▸ What is required:
Below are records; the lines starting at the one with "Engineered for everyday" and ending at the one with "形态多维评估: ⚀ 2022-04-15-日显现" must be reproduced exactly, both included. Pictures must not appear.

▸ Supplied data:
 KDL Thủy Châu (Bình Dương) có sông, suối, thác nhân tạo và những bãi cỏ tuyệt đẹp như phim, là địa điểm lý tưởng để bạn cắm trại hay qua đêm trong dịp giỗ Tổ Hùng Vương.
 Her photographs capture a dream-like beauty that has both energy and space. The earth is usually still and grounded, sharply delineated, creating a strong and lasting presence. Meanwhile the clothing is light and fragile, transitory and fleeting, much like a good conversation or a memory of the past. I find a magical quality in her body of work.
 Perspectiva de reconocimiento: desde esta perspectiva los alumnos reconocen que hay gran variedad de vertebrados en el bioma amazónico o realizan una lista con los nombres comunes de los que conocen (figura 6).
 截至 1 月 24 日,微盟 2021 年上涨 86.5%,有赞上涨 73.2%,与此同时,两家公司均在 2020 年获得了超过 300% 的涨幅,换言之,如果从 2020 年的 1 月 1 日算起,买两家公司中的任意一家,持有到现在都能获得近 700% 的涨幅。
* * *
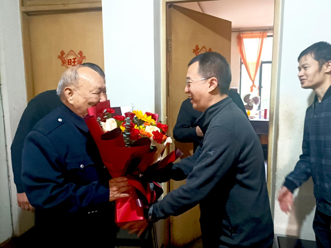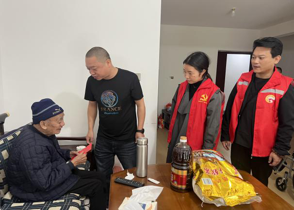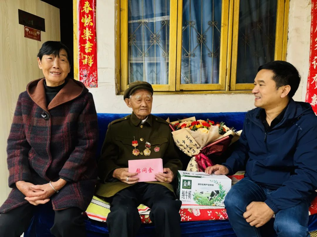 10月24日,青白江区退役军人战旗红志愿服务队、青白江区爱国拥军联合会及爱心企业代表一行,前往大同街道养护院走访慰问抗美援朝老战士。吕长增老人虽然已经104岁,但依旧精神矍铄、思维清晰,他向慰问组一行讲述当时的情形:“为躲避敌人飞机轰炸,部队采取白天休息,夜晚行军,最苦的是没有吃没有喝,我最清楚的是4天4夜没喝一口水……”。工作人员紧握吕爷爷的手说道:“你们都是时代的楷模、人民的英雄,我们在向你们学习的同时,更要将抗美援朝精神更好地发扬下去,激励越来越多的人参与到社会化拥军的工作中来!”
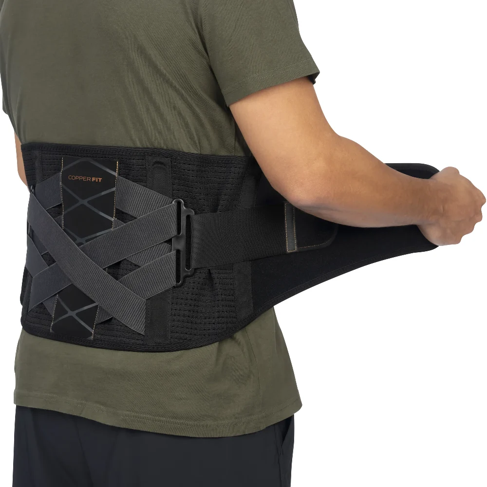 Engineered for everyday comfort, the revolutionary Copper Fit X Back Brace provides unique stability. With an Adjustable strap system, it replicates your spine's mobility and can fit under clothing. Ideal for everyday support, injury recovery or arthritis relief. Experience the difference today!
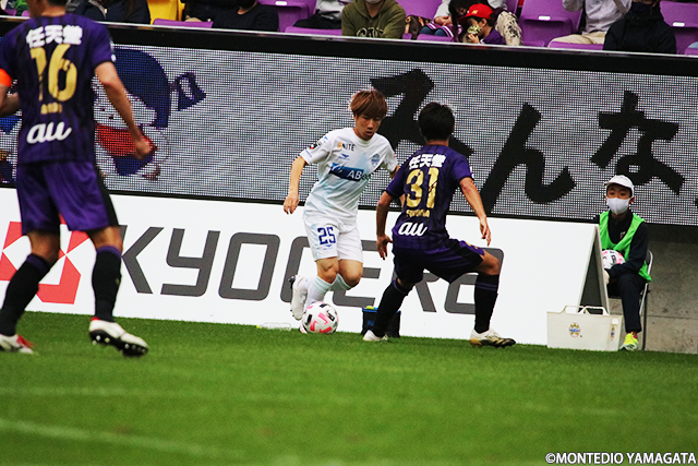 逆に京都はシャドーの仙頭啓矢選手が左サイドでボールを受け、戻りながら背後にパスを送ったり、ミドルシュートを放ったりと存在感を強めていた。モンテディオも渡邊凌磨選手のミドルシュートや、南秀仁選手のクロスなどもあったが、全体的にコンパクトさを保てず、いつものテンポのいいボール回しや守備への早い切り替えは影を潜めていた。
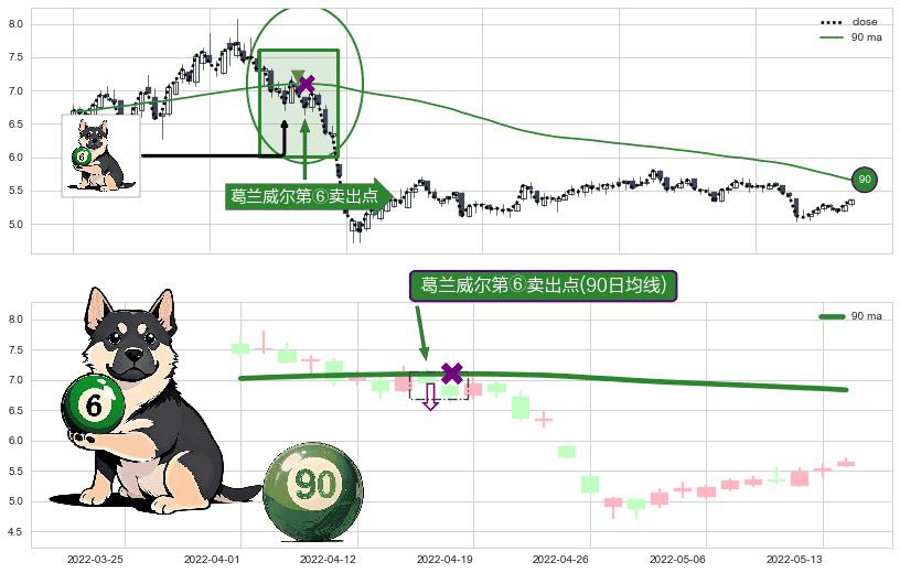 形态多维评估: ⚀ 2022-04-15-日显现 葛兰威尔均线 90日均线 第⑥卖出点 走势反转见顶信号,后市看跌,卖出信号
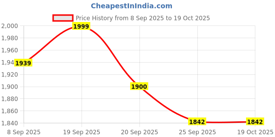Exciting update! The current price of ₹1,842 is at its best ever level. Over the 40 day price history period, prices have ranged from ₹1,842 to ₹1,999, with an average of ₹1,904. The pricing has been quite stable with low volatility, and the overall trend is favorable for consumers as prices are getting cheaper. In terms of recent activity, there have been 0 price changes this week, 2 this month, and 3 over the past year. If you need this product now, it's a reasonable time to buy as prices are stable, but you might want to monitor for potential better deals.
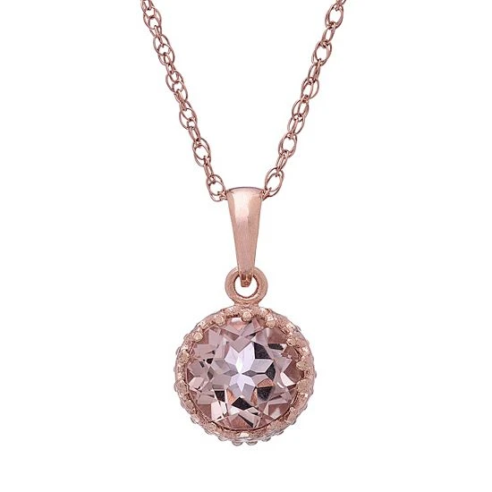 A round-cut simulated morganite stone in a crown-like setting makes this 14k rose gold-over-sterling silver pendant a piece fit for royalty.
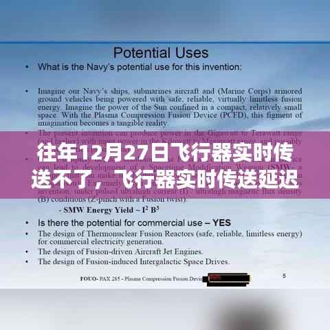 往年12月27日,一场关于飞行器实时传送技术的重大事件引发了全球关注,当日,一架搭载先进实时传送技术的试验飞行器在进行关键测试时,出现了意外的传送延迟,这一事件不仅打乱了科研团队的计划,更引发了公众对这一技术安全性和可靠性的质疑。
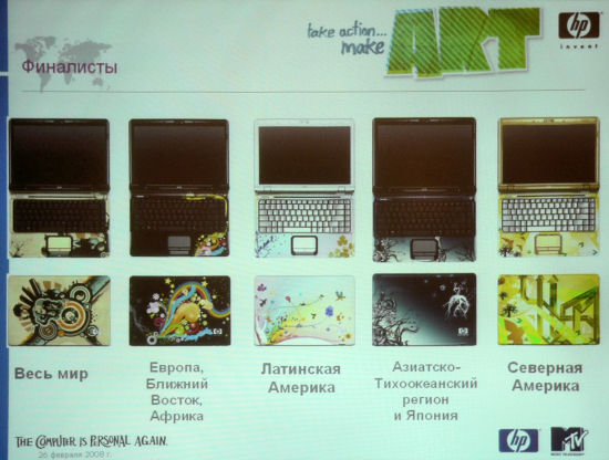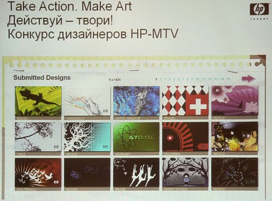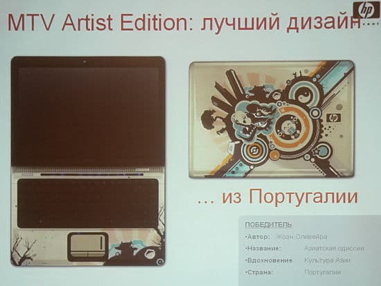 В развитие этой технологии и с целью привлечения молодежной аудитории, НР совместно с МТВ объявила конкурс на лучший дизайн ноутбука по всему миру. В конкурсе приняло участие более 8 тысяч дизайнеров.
* * *
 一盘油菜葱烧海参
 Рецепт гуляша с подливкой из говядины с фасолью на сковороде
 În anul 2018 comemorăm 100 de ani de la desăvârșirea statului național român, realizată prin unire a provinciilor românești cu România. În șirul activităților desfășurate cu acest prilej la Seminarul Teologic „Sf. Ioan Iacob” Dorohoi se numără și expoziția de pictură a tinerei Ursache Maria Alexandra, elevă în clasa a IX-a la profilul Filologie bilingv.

▸ Solution for this task:
 Engineered for everyday comfort, the revolutionary Copper Fit X Back Brace provides unique stability. With an Adjustable strap system, it replicates your spine's mobility and can fit under clothing. Ideal for everyday support, injury recovery or arthritis relief. Experience the difference today!
 逆に京都はシャドーの仙頭啓矢選手が左サイドでボールを受け、戻りながら背後にパスを送ったり、ミドルシュートを放ったりと存在感を強めていた。モンテディオも渡邊凌磨選手のミドルシュートや、南秀仁選手のクロスなどもあったが、全体的にコンパクトさを保てず、いつものテンポのいいボール回しや守備への早い切り替えは影を潜めていた。
 形态多维评估: ⚀ 2022-04-15-日显现 葛兰威尔均线 90日均线 第⑥卖出点 走势反转见顶信号,后市看跌,卖出信号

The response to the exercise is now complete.